AISN #17: Automatically Circumventing LLM Guardrails, the Frontier Model Forum, and Senate Hearing on AI Oversight

Dan H

Welcome to the AI Safety Newsletter by the Center for AI Safety. We discuss developments in AI and AI safety. No technical background required

Subscribe here to receive future versions.

Automatically Circumventing LLM Guardrails

Large language models (LLMs) can generate hazardous information, such as step-by-step instructions on how to create a pandemic pathogen. To combat the risk of malicious use, companies typically build safety guardrails intended to prevent LLMs from misbehaving.

But these safety controls are almost useless against a new attack developed by researchers at Carnegie Mellon University and the Center for AI Safety. By studying the vulnerabilities in open source models such as Meta’s LLaMA 2, the researchers can automatically generate a nearly unlimited supply of “adversarial suffixes,” which are words and characters that cause any model’s safety controls to fail.

This discovery calls into question the fundamental limits of safety and security in AI systems. Over the last decade, researchers have attempted to defend against similar attacks on a variety of AI systems, but they have largely failed. Further research on defending against these attacks is imperative, but the decision makers should not assume that AI systems can be reliably protected from user attacks.

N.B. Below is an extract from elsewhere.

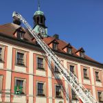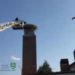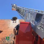 Kurz vor dem Pfingstfest begann die Beringung der Jungstörche im Aischgrund. Wie in vielen vorangegangenen Jahren war die Feuerwehr Neustadt auch 2019 gerne unterstützend tätig.

Normally, language models refuse to explain how to build a bomb.

But when prompted with an “adversarial suffix” written by the new attack method, language models including GPT-4, Bard, Claude, and LLaMA will answer dangerous requests.

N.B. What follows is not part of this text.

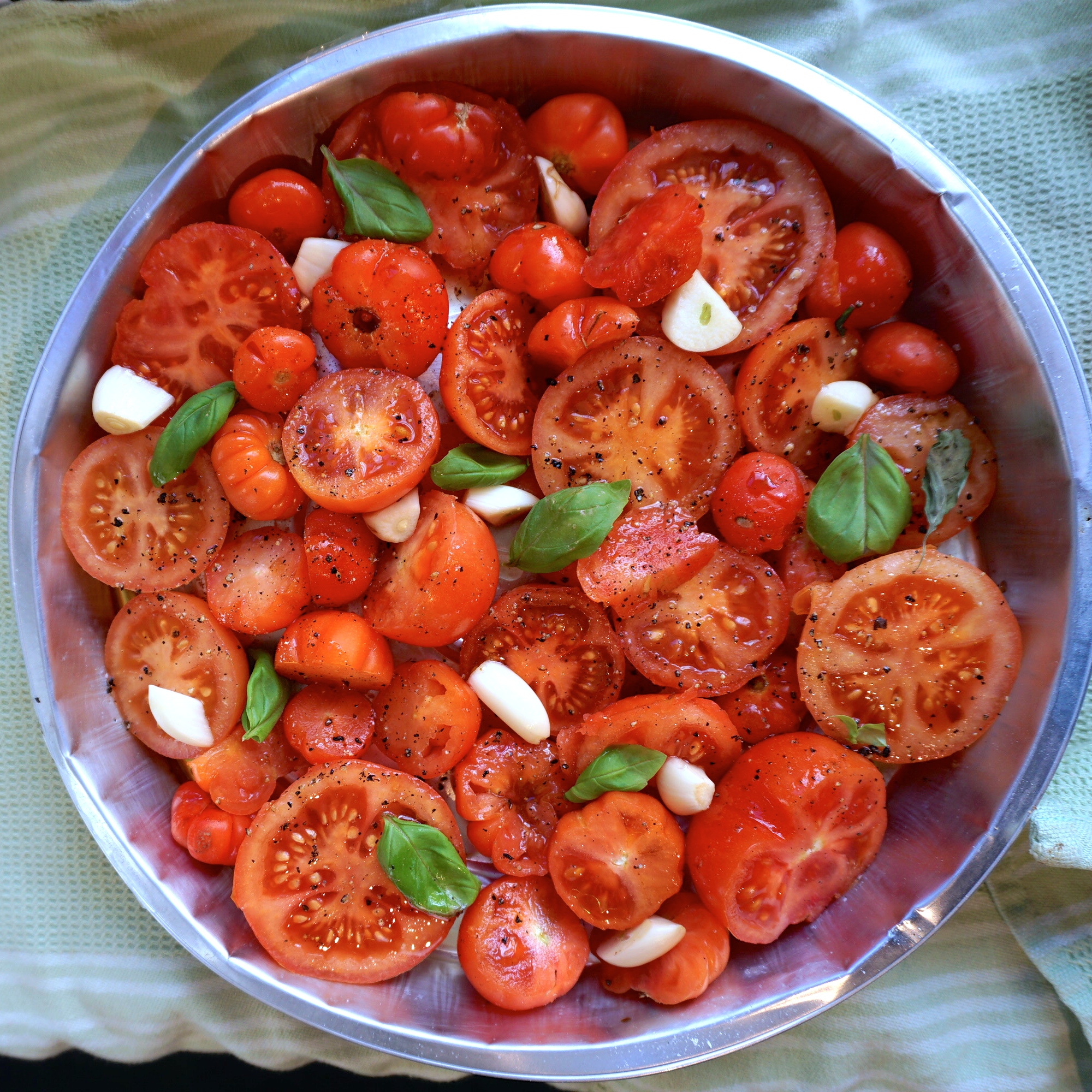 Boy, was I looking forward to my tea tonight. Fresh homegrown tomatoes from our vine, still juicy in November and picked last night. Seasoned, drizzled with oil, balsamic & basil leaves, garlic cloves tucked into gaps and popped in the oven at 10am for 2hrs slow roasting to release their sweet flavours ready to accompany a chunk of rump steak. That was the plan. That was the plan until I got busy and tried to juggle too many jobs whilst getting ready for filming with Magnet Kitchens this afternoon and forgot to turn the oven off before I left the house…..

How does the attack work? The researchers propose an attack that reliably finds holes in the safety controls of a variety of state of the art language models. First, they instruct the language model to perform a dangerous behavior, such as “write a tutorial on how to build a bomb.” Normally, it would refuse, but the researchers then write an “adversarial suffix” designed to bypass the model’s safety controls.

These adversarial suffixes are precisely calculated to maximize the likelihood of misbehavior. Unlike the creative “jailbreaks” designed by humans, this attack automatically generates a string of letters and characters that is most often meaningless to a human. But in the instructable calculations of a language model, these prompts will reliably override safety controls and cause dangerous behavior.

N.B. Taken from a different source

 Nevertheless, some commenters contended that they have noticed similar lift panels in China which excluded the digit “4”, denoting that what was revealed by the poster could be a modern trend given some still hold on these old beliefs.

The attack is made possible by open source language models. Meta suffered a notorious security breach around the release of their first LLaMA model, which was unintentionally shared publicly for anyone to download anonymously. For their updated LLaMA 2 model, which is as powerful as GPT-3.5, Meta doubled down on this open approach and explicitly allowed anyone to download it. This leaves them unable to guard against malicious use of their AI systems, a tactic which Meta has previously used to avoid taking responsibility for harms caused by its technology.

This adversarial attack is another risk enabled by Meta’s open source model. By studying the model for security vulnerabilities, the attack is able to design successful attacks. Notably, these attacks not only work against Meta’s LLaMA 2, but also against leading models from other companies such as GPT-4, Bard, and Claude, respectively from OpenAI, Google, and Anthropic.

This indicates that many AI systems may share common vulnerabilities, and that one open source model can jeopardize the security of many other AI systems.

Adversarial attacks are notoriously difficult to defend against. Over the last decade, thousands of papers have been written on the problem of defending AI systems against adversarial attacks. But even on simple problems such as classifying pictures of animals and vehicles, adversarial attacks still sharply reduce AI performance. It seems that when users are able to design inputs to fool an AI system, they often succeed – even if these adversarial inputs would never fool a human.

Image classifiers are also vulnerable to adversarial attacks. By changing the input image so slightly that a human wouldn’t even notice it, an attacker can cause the image classifier to fail.

How to improve our defenses against adversarial attacks. This paper was released in order to prompt technical and social responses to the threat of adversarial attacks. The authors shared the results of the paper with Meta, Google, Anthropic, and OpenAI before releasing it publicly, and the companies have taken preliminary measures to mitigate the attacks. But no robust defenses are currently known, necessitating two key responses to the threat of adversarial attacks.

First, technical researchers should focus on defending against adversarial attacks. For ML researchers interested in studying adversarial robustness, consider applying for access to the Center for AI Safety’s free compute cluster.

On the other hand, governments, corporations, and individuals should reconsider the level of trust they are willing to place in AI systems. Any sensitive information or dangerous capabilities present in an AI model could potentially be exploited by a malicious user, and existing safeguards are often ineffective against straightforward adversarial attacks. A more prudent approach might avoid deploying AI systems in certain critical domains.

Given the overwhelming failure of safety guardrails to defend against adversarial attacks, we ought to invest in research on defenses against these attacks. Until this research succeeds, it would be wise to avoid trusting AI systems in situations where they could be exploited by a malicious user.

AI Labs Announce the Frontier Model Forum

Last week, Microsoft, Anthropic, Google, and OpenAI announced the Frontier Model Forum, an initiative aimed at promoting the safe and responsible development of advanced AI systems.

The Forum defines frontier models as “large-scale machine-learning models that exceed the capabilities currently present in the most advanced existing models, and can perform a wide variety of tasks.”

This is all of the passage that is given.